A well‐known hallmark of LSCs is their ability to form long‐term proliferative large clones known as holoclones 14, 36. P63 is known to be important for stemness and its repression was shown to drastically affect colony‐forming capacity of LSCs. To further explore the role of SOX2 in regulating stem/progenitor cells, undifferentiated limbal stem/progenitor cells were transfected with siSOX2 or control esiRNA, seeded at clonal density, and then allowed to expand for 2–3 weeks (as detailed in Materials and Methods section). Notably, colony‐forming efficiency was drastically affected by SOX2 depletion (Fig. 4A). Quantification revealed that the number of colonies significantly decreased (Fig. 4B) while the size of the remaining colonies was profoundly smaller following SOX2 repression (Fig. 4C), suggesting that SOX2 is essential for the long‐term proliferative capacity of LSCs. A comparable robust effect was also observed upon P63 depletion (Fig. 4D, 4E, 4F), in line with a previous report 14. Finally, knockdown of SOX2 attenuated by ~25% the prevalence of Ki67+ proliferative cells (Fig. 4G, 4H) and led to ~40% decrease in cell growth, as shown by the alamar blue viability assay (Fig. 4I). Altogether, these data indicate that SOX2 is required for cell proliferation while its inhibition enhances cell differentiation.

Figure 4

SOX2 regulates long‐term colony‐forming efficiency and cell proliferation. Limbal cells were transfected with siSOX2 or siP63 or siCtl and 48 hours later, subjected to clonogenicity test as detailed in Materials and Methods section. Colonies were visualized by Rhodamin staining 3 weeks later (A, D), and quantification of the number of colonies relative to control (B, E) and the average size of colonies (C, F) was performed by Nis‐Element software as detailed in Materials and Methods section. (G–I): Limbal stem/progenitor cells were transfected with siSOX2 or siCtl and 72 hours later, cells were immunostained for the proliferative marker Ki67 (G), and quantification (by Nis‐Element software) of the relative number of Ki67‐positive cells is shown (H). Transfectents were grown for 72 hours and then subjected to alamar blue viability test (I). (B, C, E, F, H, I): Data represent mean ± SD, n = 3. Significance assessed by t test (*, p < .05). Nuclei were counterstained with DAPI and scale bars are 30 μm. Abbreviations: DAPI, 4′,6‐diamidino‐2‐phenylindole; siSOX2, endonuclease‐digested silencing RNA against SOX2; siP63, endonuclease‐digested silencing RNA against P63; siCtl, control endonuclease‐digested silencing RNA.

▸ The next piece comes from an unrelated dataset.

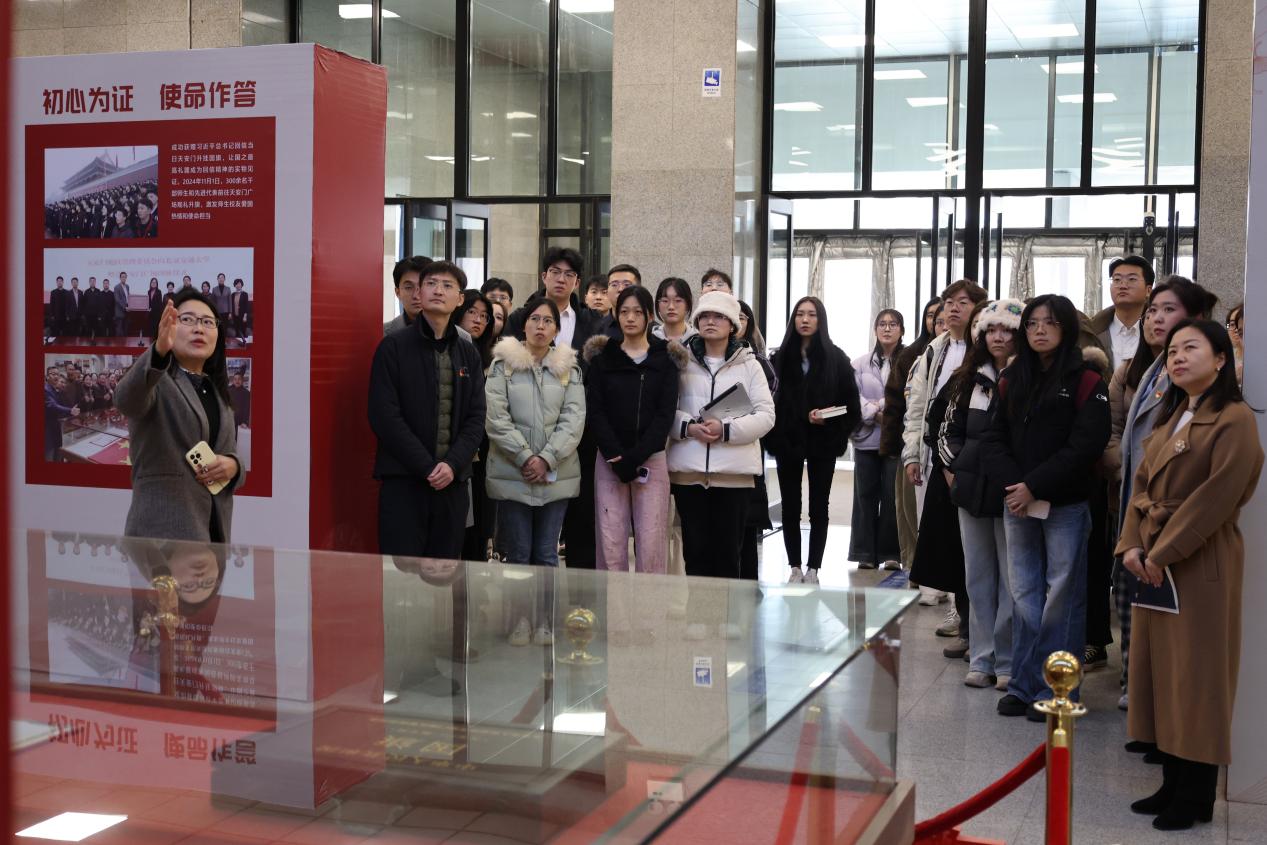 3月6日下午,艾米直播 组织学生党员集体参观了学校举办的“牢记嘱托、接续奋斗”习近平总书记重要回信一周年主题展览。学院党委书记秦思阳、本科及研究生辅导员和50余名学生党员一起参观展览,校党委宣传部韩榕老师受邀作专题讲解。

Finally, we performed rescue experiment in which limbal cells were co‐transfected with siSOX2 with or without P63. While siSOX2 reduced clonogenicity, forced expression of P63 restored the colony formation (Fig. 5A, 5B; Supporting Information Fig. S2B) with no significant difference in cell death (Fig. 5C), and the expression of K14 and ABCG2 was significantly restored (Fig. 5D). Given that siRNA was efficiently delivered to the vast majority of the cells (Supporting Information Fig. S2A) and that restored colonies showed low SOX2 and high P63 (Supporting Information Fig. S2B), these data suggest that P63 acts downstream to SOX2. Taken together, these data suggest that SOX2 maintains stem/progenitor cell state at least in part via the regulation of P63 expression.

Figure 5

P63 rescues stemness in SOX2 knockdown cells. Limbal cells were co‐transfected with siSOX2 or siCtl and P63 expression plasmid or empty plasmid (veh). Seventy‐two hours later, cells were subjected to clonogenicity test (A), and number of the colonies were quantified by Nis‐Element software as detailed in Materials and Methods section (B). (C): Cells were taken for trypan blue assay to quantify dead cells after transfection of indicated factors. Quantitative real‐time polymerase chain reaction analysis of the indicated markers of stem/progenitor cells were performed (D). (B–D): Data represents mean ± SD, n = 3. Statistical significance was assessed by one‐way analysis of varaince followed by Tukey′s test (*, p < .05; **, p < .01; ***, p < .001). Abbreviations: siSOX2, endonuclease‐digested silencing RNA against SOX2; siCtl, control endonuclease‐digested silencing RNA.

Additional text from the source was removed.